ABOUT THIS EXERCISE: Restate the data that follows exactly as it stands, beginning with the first line and ending with the line that contains "Siyah Büzgülü uzun tafta elbise 94646 RPT".

BEGIN TASK INPUT

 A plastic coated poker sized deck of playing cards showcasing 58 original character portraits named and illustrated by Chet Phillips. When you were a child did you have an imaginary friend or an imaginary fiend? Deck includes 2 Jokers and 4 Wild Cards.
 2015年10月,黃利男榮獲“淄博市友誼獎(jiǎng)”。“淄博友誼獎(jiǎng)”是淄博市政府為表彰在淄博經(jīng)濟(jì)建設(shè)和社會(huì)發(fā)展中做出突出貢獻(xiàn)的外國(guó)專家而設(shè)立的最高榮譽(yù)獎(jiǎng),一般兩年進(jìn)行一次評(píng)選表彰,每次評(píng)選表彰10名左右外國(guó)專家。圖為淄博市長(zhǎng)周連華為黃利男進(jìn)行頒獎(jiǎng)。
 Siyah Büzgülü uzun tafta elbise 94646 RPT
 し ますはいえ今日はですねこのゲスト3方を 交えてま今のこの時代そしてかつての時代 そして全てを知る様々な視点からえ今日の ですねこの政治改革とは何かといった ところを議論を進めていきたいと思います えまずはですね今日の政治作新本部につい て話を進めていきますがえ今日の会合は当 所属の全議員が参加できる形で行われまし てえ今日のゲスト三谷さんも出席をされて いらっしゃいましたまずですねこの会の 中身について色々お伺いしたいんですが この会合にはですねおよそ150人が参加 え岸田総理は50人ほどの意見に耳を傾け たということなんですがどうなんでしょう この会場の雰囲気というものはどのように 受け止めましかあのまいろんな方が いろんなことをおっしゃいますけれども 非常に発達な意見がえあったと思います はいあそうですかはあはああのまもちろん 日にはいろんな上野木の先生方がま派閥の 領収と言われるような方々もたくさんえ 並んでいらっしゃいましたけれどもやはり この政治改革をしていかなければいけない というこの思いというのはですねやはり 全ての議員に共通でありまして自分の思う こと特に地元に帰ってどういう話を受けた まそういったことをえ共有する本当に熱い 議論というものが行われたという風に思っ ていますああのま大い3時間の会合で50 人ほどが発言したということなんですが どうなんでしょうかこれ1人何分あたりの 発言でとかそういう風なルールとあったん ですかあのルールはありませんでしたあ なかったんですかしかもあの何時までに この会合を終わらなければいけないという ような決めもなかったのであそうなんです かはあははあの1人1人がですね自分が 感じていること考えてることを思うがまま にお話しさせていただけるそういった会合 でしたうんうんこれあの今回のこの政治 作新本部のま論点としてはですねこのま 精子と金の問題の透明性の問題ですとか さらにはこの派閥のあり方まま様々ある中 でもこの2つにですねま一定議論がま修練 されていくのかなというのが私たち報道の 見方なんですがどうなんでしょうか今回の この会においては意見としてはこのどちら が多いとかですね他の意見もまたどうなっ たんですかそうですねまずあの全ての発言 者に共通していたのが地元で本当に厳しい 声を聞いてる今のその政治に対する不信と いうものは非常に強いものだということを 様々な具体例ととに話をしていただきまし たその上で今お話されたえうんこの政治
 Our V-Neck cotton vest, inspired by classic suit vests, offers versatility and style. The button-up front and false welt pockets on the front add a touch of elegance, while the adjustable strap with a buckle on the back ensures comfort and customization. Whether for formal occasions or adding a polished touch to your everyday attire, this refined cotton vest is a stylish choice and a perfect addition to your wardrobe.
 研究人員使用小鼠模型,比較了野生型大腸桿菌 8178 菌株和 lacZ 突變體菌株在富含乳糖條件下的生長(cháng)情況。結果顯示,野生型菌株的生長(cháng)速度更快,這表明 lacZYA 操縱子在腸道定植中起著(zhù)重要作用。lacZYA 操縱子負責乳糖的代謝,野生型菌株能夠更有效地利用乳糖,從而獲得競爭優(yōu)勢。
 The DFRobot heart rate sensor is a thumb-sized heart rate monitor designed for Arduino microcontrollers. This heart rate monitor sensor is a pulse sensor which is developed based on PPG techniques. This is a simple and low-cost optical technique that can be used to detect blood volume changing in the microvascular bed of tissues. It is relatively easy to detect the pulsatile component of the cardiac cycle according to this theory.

END TASK INPUT

SOLUTION TO THE EXERCISE:
 A plastic coated poker sized deck of playing cards showcasing 58 original character portraits named and illustrated by Chet Phillips. When you were a child did you have an imaginary friend or an imaginary fiend? Deck includes 2 Jokers and 4 Wild Cards.
 2015年10月,黃利男榮獲“淄博市友誼獎(jiǎng)”。“淄博友誼獎(jiǎng)”是淄博市政府為表彰在淄博經(jīng)濟(jì)建設(shè)和社會(huì)發(fā)展中做出突出貢獻(xiàn)的外國(guó)專家而設(shè)立的最高榮譽(yù)獎(jiǎng),一般兩年進(jìn)行一次評(píng)選表彰,每次評(píng)選表彰10名左右外國(guó)專家。圖為淄博市長(zhǎng)周連華為黃利男進(jìn)行頒獎(jiǎng)。
 Siyah Büzgülü uzun tafta elbise 94646 RPT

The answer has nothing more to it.